Work item: Every record below must be copied exactly, with images dropped.
-- -- --
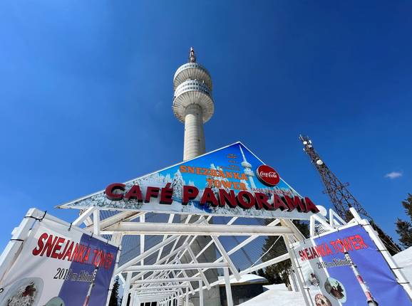 In the television tower below the observation deck at 2,019 m. The ascent, which is subject to a fee, is by elevator.
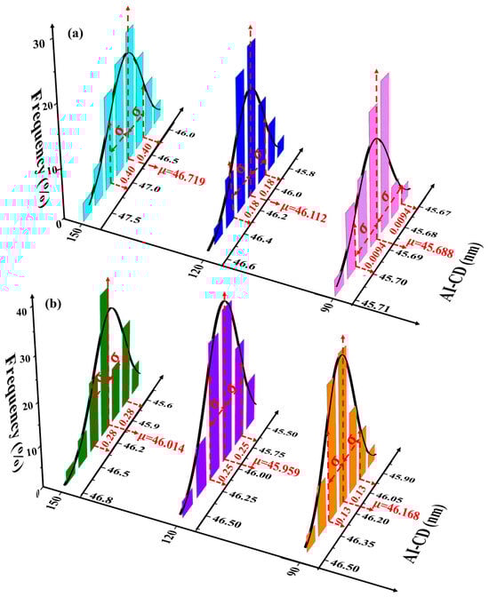 Wavelength and bandwidth stability constitute critical attributes of pulsed lasers. Owing to the pulse emission nature of excimer lasers, consistency between laser pulses cannot be guaranteed. Research indicates [23,24] that fluctuations in laser output parameters (e.g., wavelength and bandwidth) predominantly follow a normal distribution. Consequently, parameters of the normal distribution can characterize light source system stability. Assuming wavelength and bandwidth stability variations adhere to independent normal distributions: .
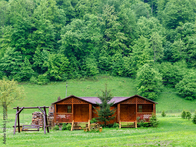 Wooden cabin near the forest. Wooden swing in front of the cabin
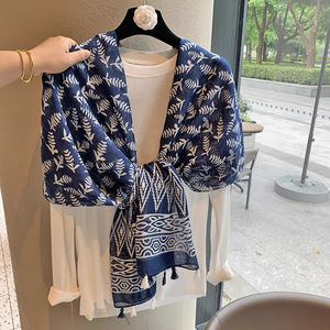エスニック風青と白のスカーフ女性のための春と夏の薄い綿とリネンのロングスカーフ旅行写真日焼け止めショールエアコンルームスカーフ
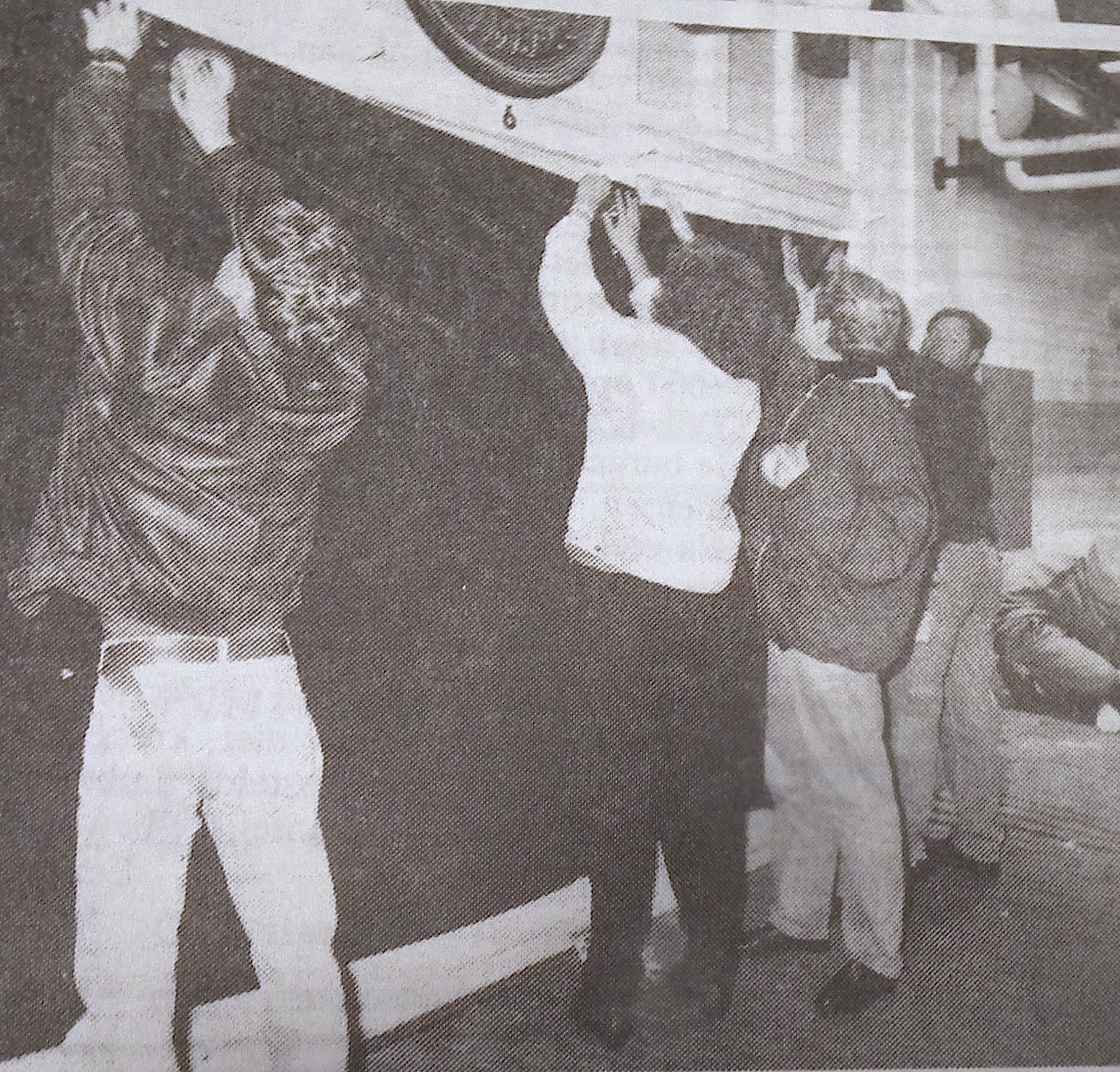 Bij de foto's (van boven naar beneden): 1., 2. en 4. Winkeliers demonstreerden tegen betaald parkeren door hun etalages met zwart plastic af te dekken. 3. burgemeester M. Vunderink, M. Reesink en W. Smies; 5. Daags na opschorting werd de apparatuur in het centrum afgedekt
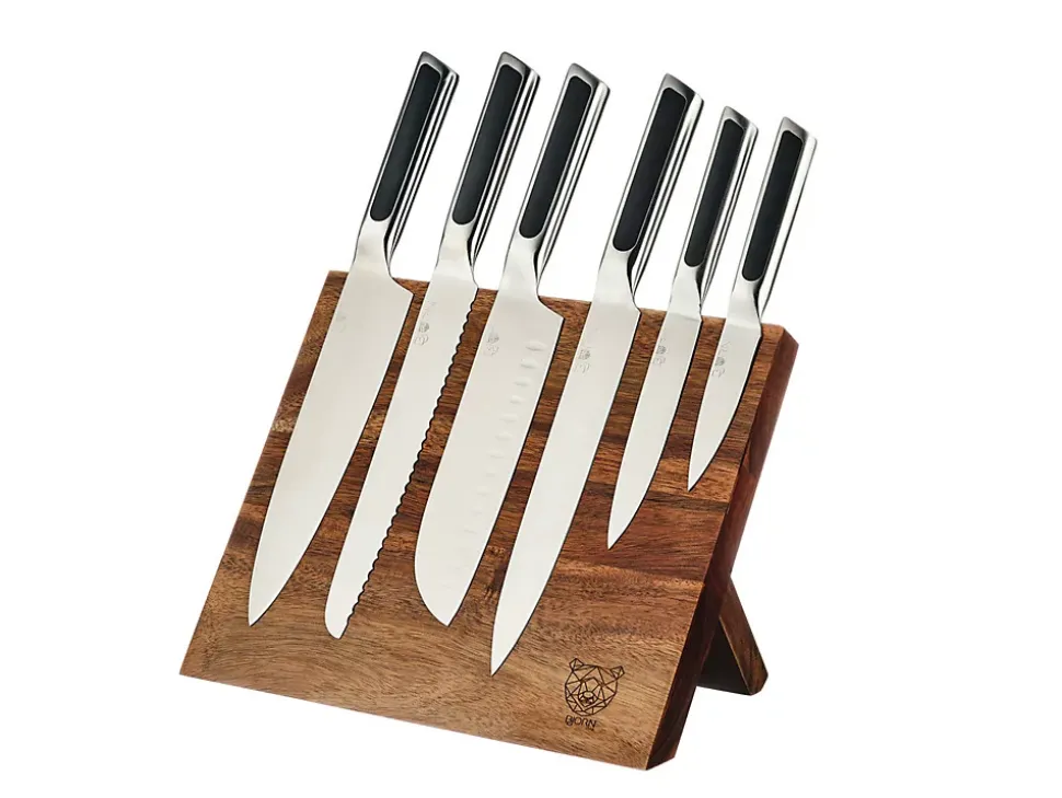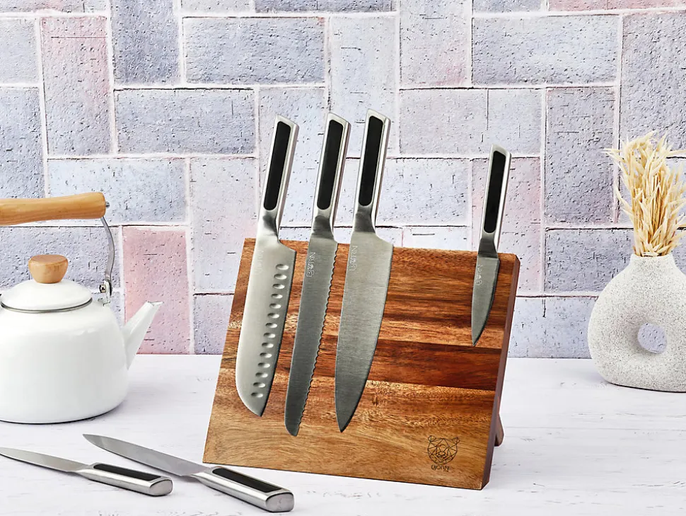 Faire le choix du bloc couteau VANTAA c’est opter pour le côté pratique & chic. Confectionné avec soin en bois d’acacia verni, il présente une apparence design et minimaliste. Il comporte de puissants aimants intégrés, créant une surface entièrement magnétique qui maintient solidement vos couteaux en place. Le support pliable à l’arrière offre une stabilité pendant l’utilisation et se replie facilement pour un rangement compact. Cette fonctionnalité vous permet de ranger facilement le bloc lorsqu’il n’est pas utilisé tout en conservant un maintien des couteaux. Le bloc magnétique VANTAA représente non seulement une solution de rangement ingénieuse, mais aussi un élément de décoration original dans le séjour ou la cuisine.Les couteaux LOKI allient fonctionnalité, durabilité et design et ont été spécialement conçus pour répondre aux besoins de tous. La combinaison des couleurs noire et métal confère à ces couteaux un aspect très chic et moderne tandis que la finition satinée des lames exprime toute la qualité d’une découpe lisse et précise. Particulièrement aiguisées, ces lames offrent une performance de coupe optimale pour émincer, trancher ou hacher. Ils sont fabriqués en acier inoxydable de haute qualité pour garantir une longue durée de vie et passer au lave-vaisselle. Les poignées des couteaux quant à elles sont à la fois résistantes et antidérapantes, permettant d’accomplir toutes vos taches culinaires avec succès. Le set rassemble les indispensables de la découpe pour réussir toutes vos préparations : le couteau d’office pour couper et peler, le couteau universel est très polyvalent, le couteau santoku pour les herbes aromatiques, les fruits et les légumes (les aliments ne restent pas collés à la lame grâce aux alvéoles), le couteau à trancher pour couper les viandes sans les déchirer, le couteau à pain permet de découper des tranches nettes sans en abîmer la croûte et le couteau du chef pour les fruits, légumes, viandes ou poissons…
-- -- --
Response below:
 In the television tower below the observation deck at 2,019 m. The ascent, which is subject to a fee, is by elevator.
 Wavelength and bandwidth stability constitute critical attributes of pulsed lasers. Owing to the pulse emission nature of excimer lasers, consistency between laser pulses cannot be guaranteed. Research indicates [23,24] that fluctuations in laser output parameters (e.g., wavelength and bandwidth) predominantly follow a normal distribution. Consequently, parameters of the normal distribution can characterize light source system stability. Assuming wavelength and bandwidth stability variations adhere to independent normal distributions: .
 Wooden cabin near the forest. Wooden swing in front of the cabin
エスニック風青と白のスカーフ女性のための春と夏の薄い綿とリネンのロングスカーフ旅行写真日焼け止めショールエアコンルームスカーフ
 Bij de foto's (van boven naar beneden): 1., 2. en 4. Winkeliers demonstreerden tegen betaald parkeren door hun etalages met zwart plastic af te dekken. 3. burgemeester M. Vunderink, M. Reesink en W. Smies; 5. Daags na opschorting werd de apparatuur in het centrum afgedekt
 Faire le choix du bloc couteau VANTAA c’est opter pour le côté pratique & chic. Confectionné avec soin en bois d’acacia verni, il présente une apparence design et minimaliste. Il comporte de puissants aimants intégrés, créant une surface entièrement magnétique qui maintient solidement vos couteaux en place. Le support pliable à l’arrière offre une stabilité pendant l’utilisation et se replie facilement pour un rangement compact. Cette fonctionnalité vous permet de ranger facilement le bloc lorsqu’il n’est pas utilisé tout en conservant un maintien des couteaux. Le bloc magnétique VANTAA représente non seulement une solution de rangement ingénieuse, mais aussi un élément de décoration original dans le séjour ou la cuisine.Les couteaux LOKI allient fonctionnalité, durabilité et design et ont été spécialement conçus pour répondre aux besoins de tous. La combinaison des couleurs noire et métal confère à ces couteaux un aspect très chic et moderne tandis que la finition satinée des lames exprime toute la qualité d’une découpe lisse et précise. Particulièrement aiguisées, ces lames offrent une performance de coupe optimale pour émincer, trancher ou hacher. Ils sont fabriqués en acier inoxydable de haute qualité pour garantir une longue durée de vie et passer au lave-vaisselle. Les poignées des couteaux quant à elles sont à la fois résistantes et antidérapantes, permettant d’accomplir toutes vos taches culinaires avec succès. Le set rassemble les indispensables de la découpe pour réussir toutes vos préparations : le couteau d’office pour couper et peler, le couteau universel est très polyvalent, le couteau santoku pour les herbes aromatiques, les fruits et les légumes (les aliments ne restent pas collés à la lame grâce aux alvéoles), le couteau à trancher pour couper les viandes sans les déchirer, le couteau à pain permet de découper des tranches nettes sans en abîmer la croûte et le couteau du chef pour les fruits, légumes, viandes ou poissons…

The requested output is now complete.